Background technique
Labyrinth seal, which refers to, to be made to leak reduced sealing there are many tortuous cell between rotational parts and retaining element, more
It for cryogenic pump, is provided between driving motor and the pump chambers of cryogenic pump, prevents being situated between in low temperature pump chambers by sealing
Matter is leaked to the motor side of axis.
Currently, a kind of labyrinth seal structure, as shown in Figure 1, including main shaft and axle sleeve, the main shaft and axle sleeve are in rotation
It connects, offers annular groove on the sleeve lining, the main shaft is connected to motor, and the other end protrudes into where sealed medium
Chamber, one end that the main shaft is connected to motor is spindle motor end, and the other end of the main shaft is main axis chamber end.It utilizes
Gap between main shaft and axle sleeve forms gap of shutting off, and expansion clearance is formed between annular groove and main shaft, between alternately shutting off
Gap and expansion cavity, sealed medium generate throttle effect when through the gap in tortuous labyrinth and achieve the purpose that Drain Resistance.
But sealed medium still suffers from a part by labyrinth seal structure in above-mentioned technical proposal, thus cause by
The leakage of sealing medium.
Utility model content
In view of the deficienciess of the prior art, increasing the utility model lies in that provide a kind of twin-stage phase transformation labyrinth seal structure
Add the pressure in annular groove, reduce annular groove and the indoor pressure difference of pump chamber, is situated between to reach and reduce by sealing
Matter leaks purpose from labyrinth seal structure.
To achieve the above object, the utility model provides following technical solution: a kind of twin-stage phase transformation labyrinth seal structure,
Including axle sleeve and main shaft, the sleeve lining offers annular groove, and the axle sleeve offers the air inlet being connected to annular groove
Hole, the air inlet are passed through blanket gas.
By using above-mentioned technical proposal, blanket gas is passed through annular groove, increases the pressure in annular groove, reduces
Annular groove and the indoor pressure difference of pump chamber, leak from labyrinth seal structure to reduce sealed medium.
The utility model is further arranged to: the axle sleeve offers the venthole being connected to annular groove.

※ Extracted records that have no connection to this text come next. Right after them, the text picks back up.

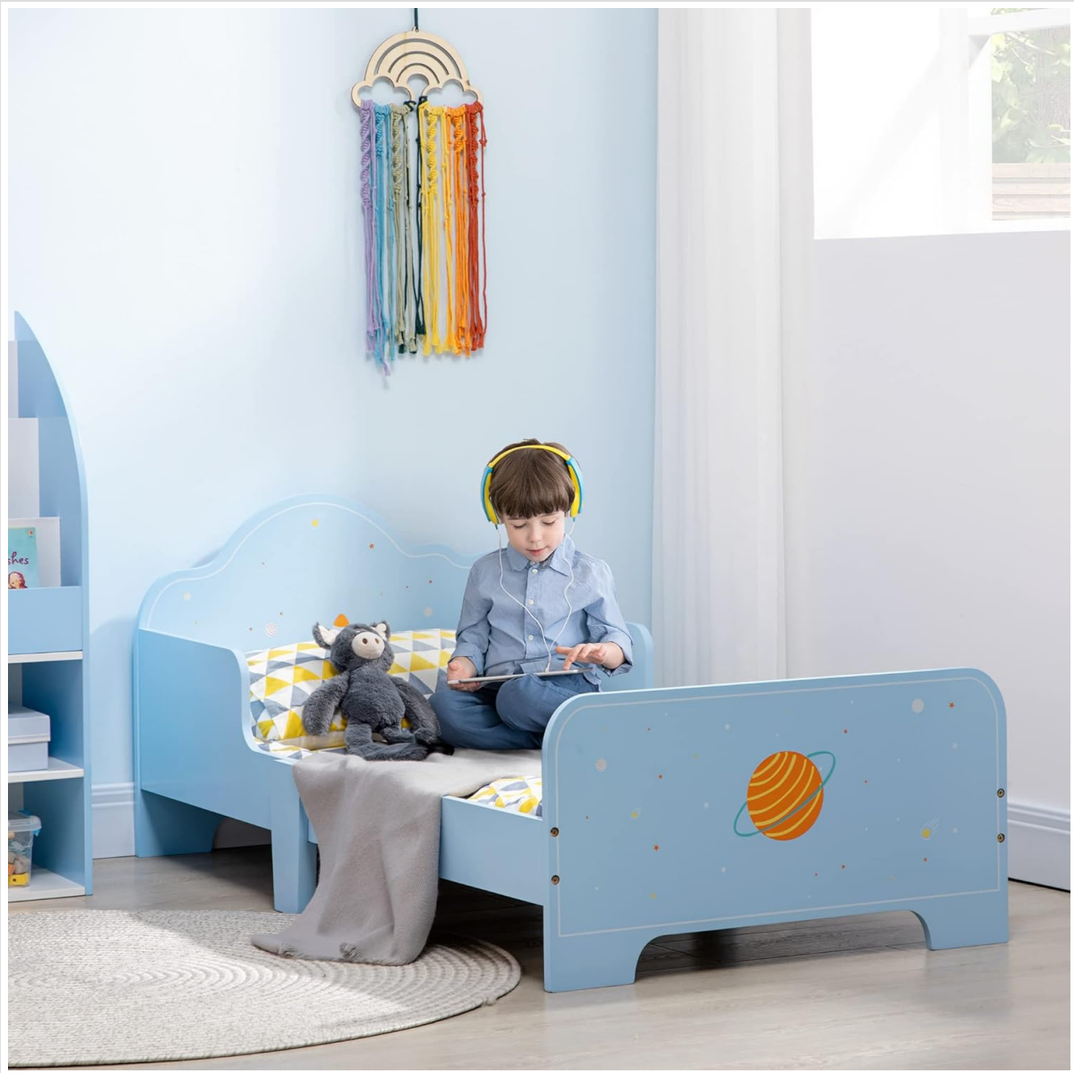
Image 4.1: A child using the bed, illustrating its comfortable and accessible design.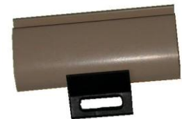
Strap Runner attached to Tear Drop Bottom Rail

One of the highly acclaimed features of the VERTISCREEN range is our tear-drop aluminium bottom rail – again powder-coated to match the other parts of the awning. The cleverly designed end caps used with the newly styled bottom rail can be set in a floating position, or can be re-set to fixed position to always ensure the smooth operation of your awning.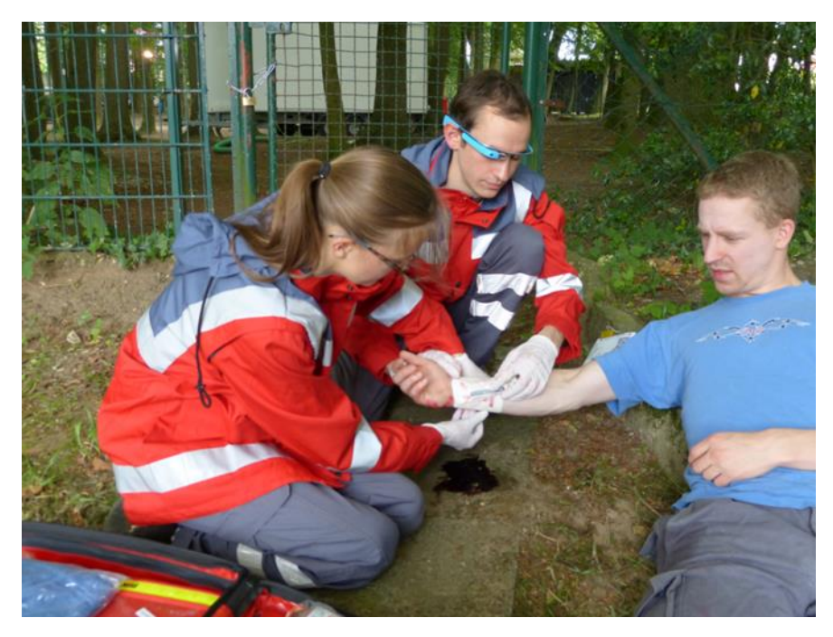
Fig. 5. Triage of a casualty with a heavy bleeding. The user wearing smartglasses helps applying a pressure dressing [46].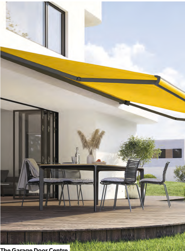
The Garage Door Centre

"With over 40 years of experience and with accredited electricians and plumbers, Hillery & Sons not only design beautiful bathrooms, but we install them too. Visit our showroom at 48 High Street,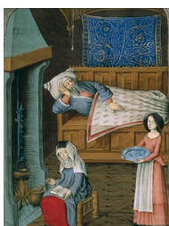
1. PEASANTS & PROFESSIONALS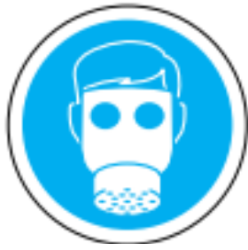
Respiratory equipment must be worn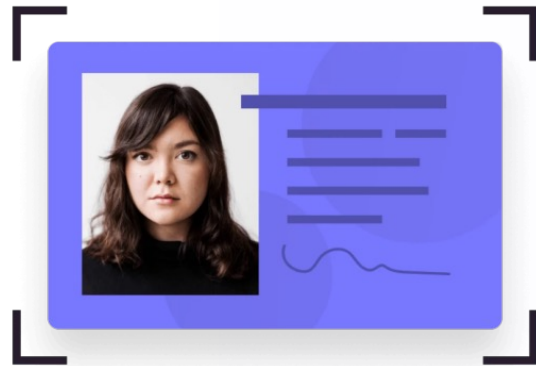
Capture and auto-classify identity documents

Combine forensic and biometric data to verify with confidence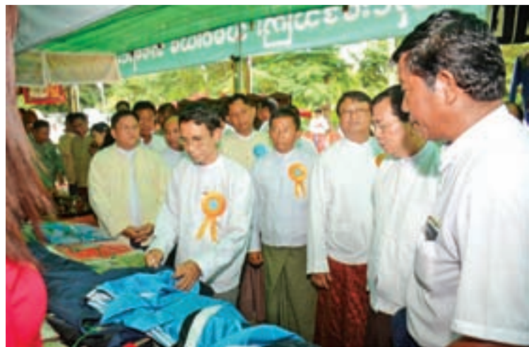
Union Minister Dr Aung Thu visits 94 th International Day of Cooperatives in Nay Pyi Taw.

During the International Co-operative Day celebration, outstanding cooperative syndicates were presented awards.— Myanmar News Agency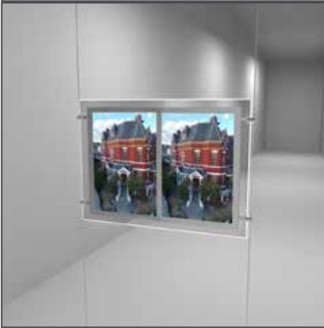
Single Pocket LA4P2W-V5

Overall size 503x380mm to fit cable centres 512mm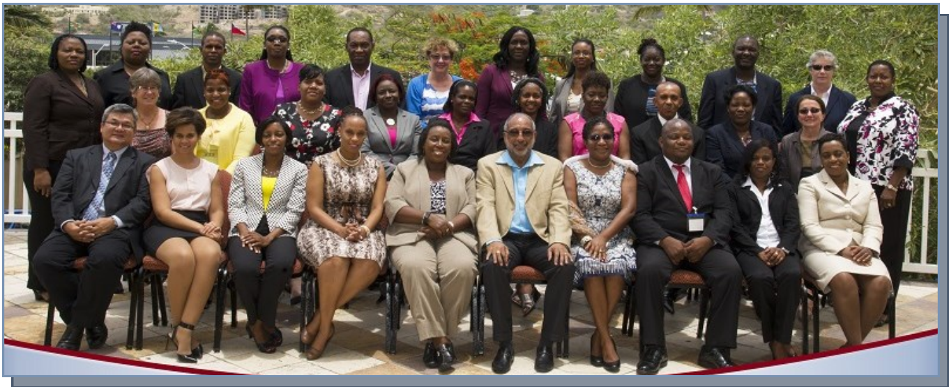
LDP Participants in Cohort 6 with members of CLP's Extended Delivery Team during the first face to face module that was held in St. Kitts & Nevis in June 2016. The next face to face module will be held in Grenada from July 18 - 22, 2016.

The April - June 2016 quarter was definitely one of the busiest and most productive for the CLP. The Sixth Cohort of our Leadership Development Programme (LDP) was launched and the first module was completed in St. Kitts and Nevis on June 3, 2016. This cohort comprises twenty-three Deputy Permanent Secretaries and officers of comparable rank from ten of the twelve participating countries in the CLP. In addition, during this quarter, Cohort 5 Game Changers continued to be engaged in the virtual component of our LDP through the delivery of two stimulating webinars on Obesity and Public Sector Transformation, respectively.

By using above-mentioned technical proposal, gap location of the part sealed medium between main shaft and axle sleeve leaks into ring
In connected in star, sealed medium can vaporize in annular groove, and blanket gas is mixed with the sealed medium of vaporization, mixed gas
Body is discharged from venthole, reduces the leakage of sealed medium, leaks to reduce sealed medium to motor, prevents from being sealed Jie
Matter corrosion and damage motor.
The utility model is further arranged to: the annular groove at least there are two, the air inlet and venthole difference
It is connected to one of annular groove.
By using above-mentioned technical proposal, the quantity of annular groove is increased, enhances the labyrinth effect of sealing structure, into
One step enhances sealing effect, and air inlet and venthole are connected to two annular grooves respectively, is reduced using labyrinth effect close
The leakage for the gas that envelope gas is mixed with the sealed medium of vaporization.

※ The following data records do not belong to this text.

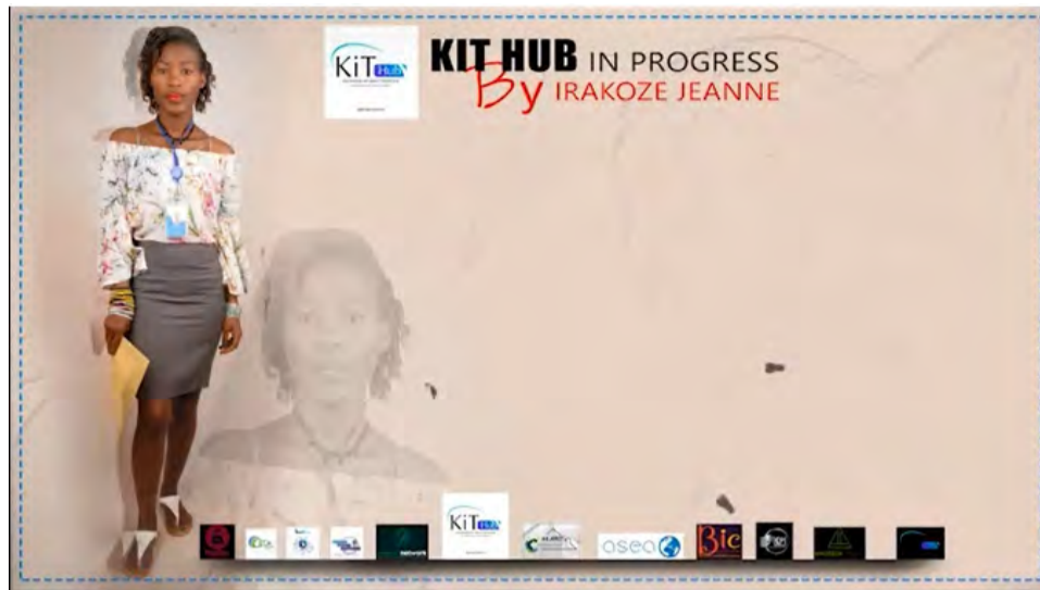
KIT Hub In Progress, 2021 16 x 32 cm Slam Poetry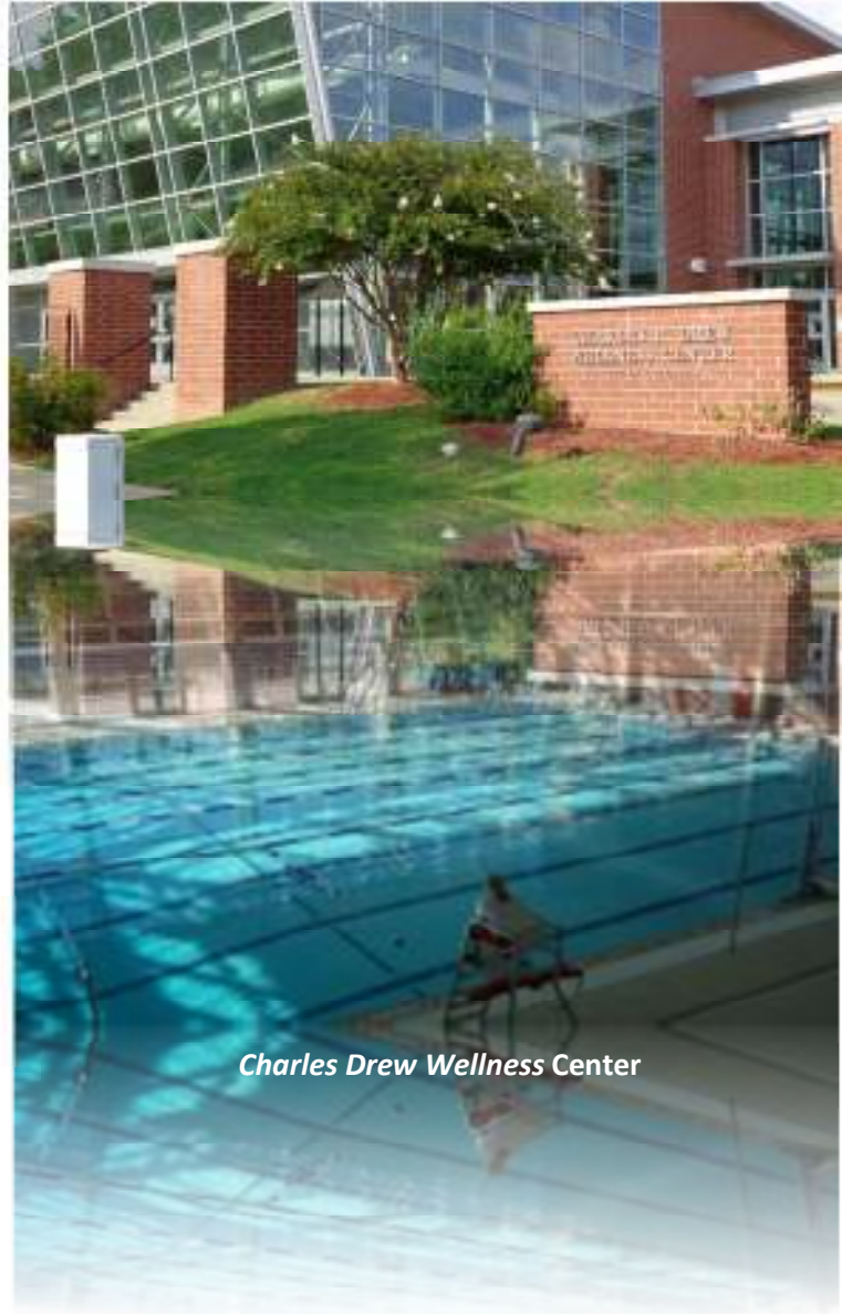
Charles Drew Wellness Center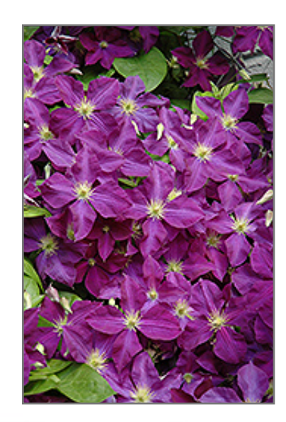
Jackmanii Superba Clematis flowers

Jackmanii Superba Clematis is recommended for the following landscape applications;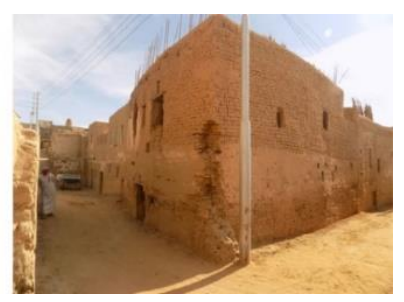
Fig. 17. Homes that are cracked and have a lot of problems in Al-Qasr.

Al-Qasr city suffers from sewage problems affecting the safety of some historic buildings and weakens the foundation of it especially that a lot of these buildings require restoration and support and some other buildings suffer from cracking and partial collapse as shown in Fig. 18. The government will continue its sewage project for the city with a cost estimation of 20 million Egyptian pounds, the project will be opened in 2018 to solve the sewage problem completely.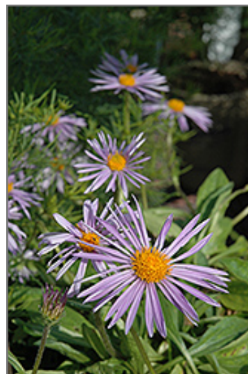
Triumph Aster flowers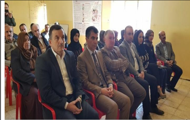
Public Consultations at Batail Village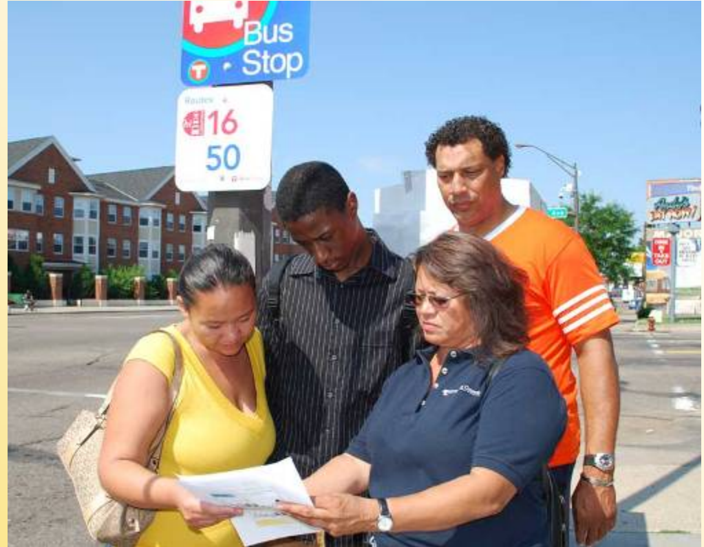
Talking to transit users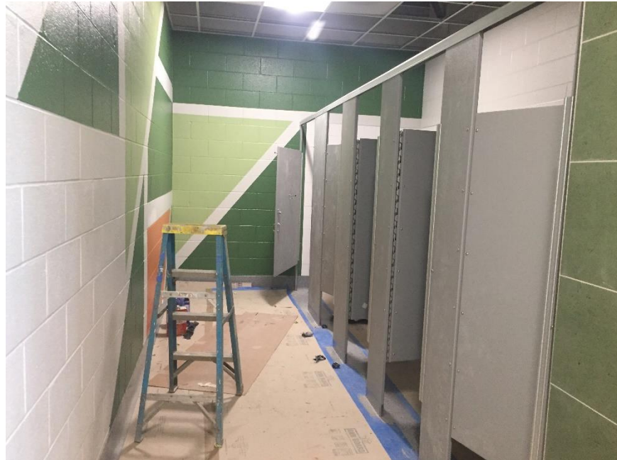
Toilet partitions and painting Area C

The utility model is further arranged to: there are three the annular grooves, and there are two the air inlets, described in two into
Stomata is connected to the annular groove close to main shaft both ends respectively.
By using above-mentioned technical proposal, gap location of the part sealed medium between main shaft and axle sleeve, which leaks into, to be leaned on
In the annular groove of nearly pump housing, sealed medium can vaporize in annular groove, and the sealed medium of blanket gas and vaporization is mixed
The gas of conjunction, the gap between main shaft and axle sleeve enter in intermediate annular groove, then from intermediate annular groove from out
Stomata discharge, close to spindle motor end annular groove in blanket gas can the gap between main shaft and axle sleeve enter intermediate ring
In connected in star, to be further reduced gas that blanket gas is mixed with the sealed medium of vaporization to the motor side of main shaft, prevent
Sealed medium corrosion and damage motor.

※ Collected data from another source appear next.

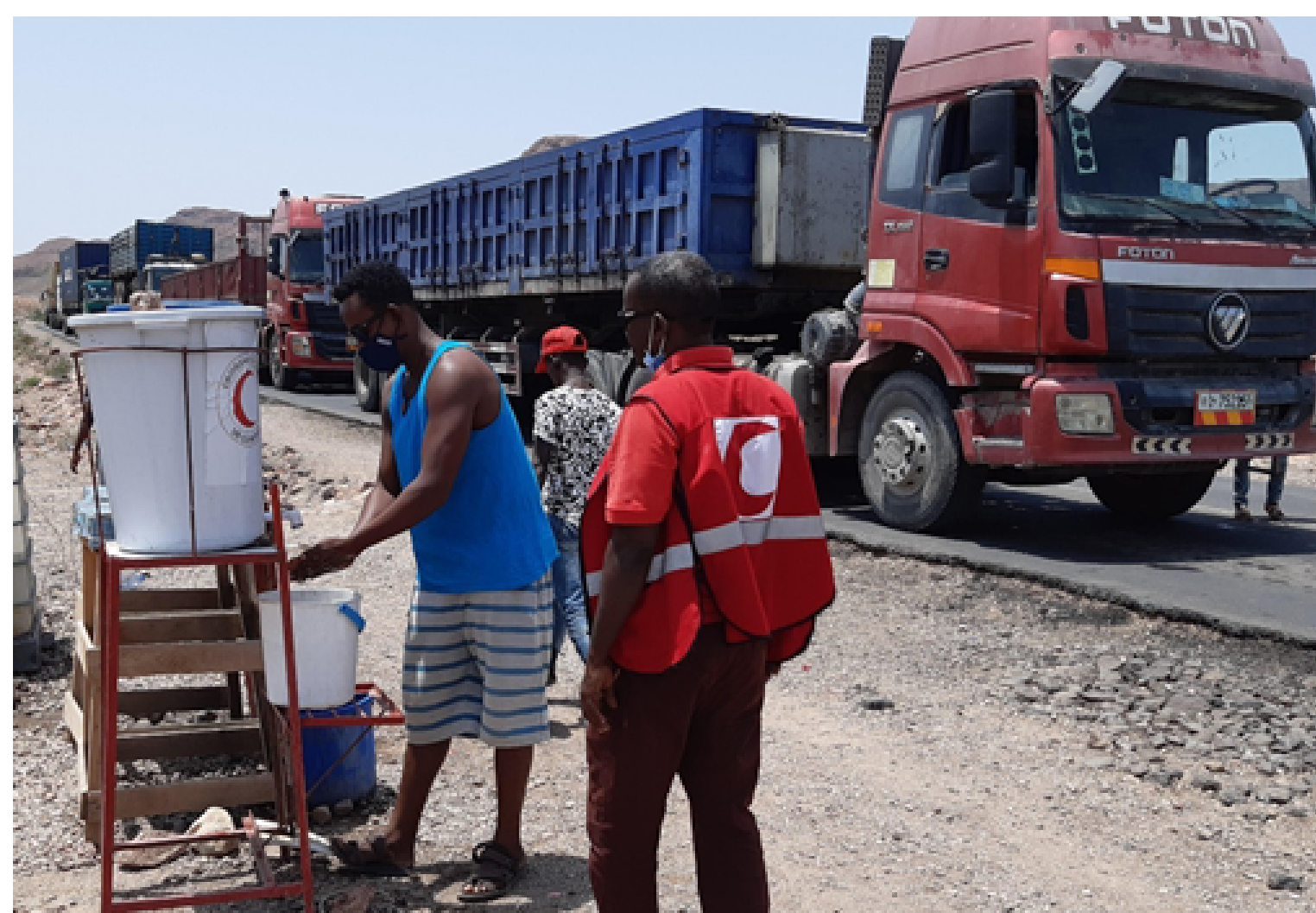
Djibouti Red Crescent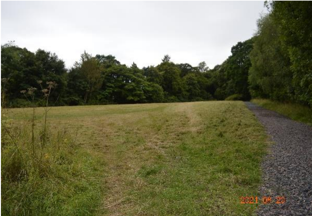
Renewed footpath at Viewpark Conservation Group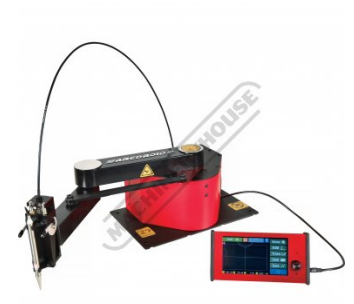
Setup With Trace Pen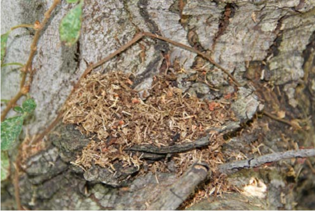
Sawdust present on the trunk, branches or base of the tree is a sign of adult or larval activity.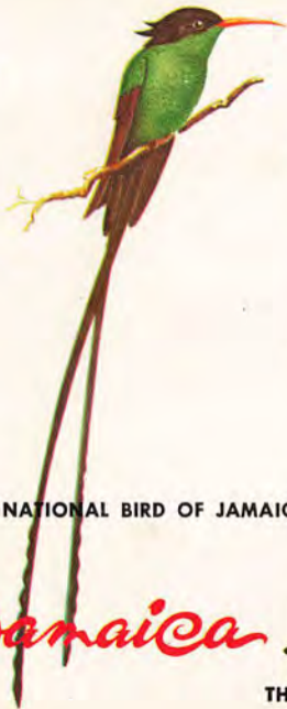
THE NATIONAL BIRD OF JAMAICA

The utility model is further arranged to: the pressure in the annular groove far from spindle motor end is greater than by paraxial
The pressure of the sealed medium of set.
By using above-mentioned technical proposal, increases the pressure in the indoor annular groove of pump chamber, further increase pump
The resistance of the indoor sealed medium flowing of chamber, is further reduced sealed medium leakage.
The utility model is further arranged to: the venthole is connected to intermediate annular groove, is connected to venthole
The pressure of the annular groove is less than the pressure in the annular groove far from spindle motor end.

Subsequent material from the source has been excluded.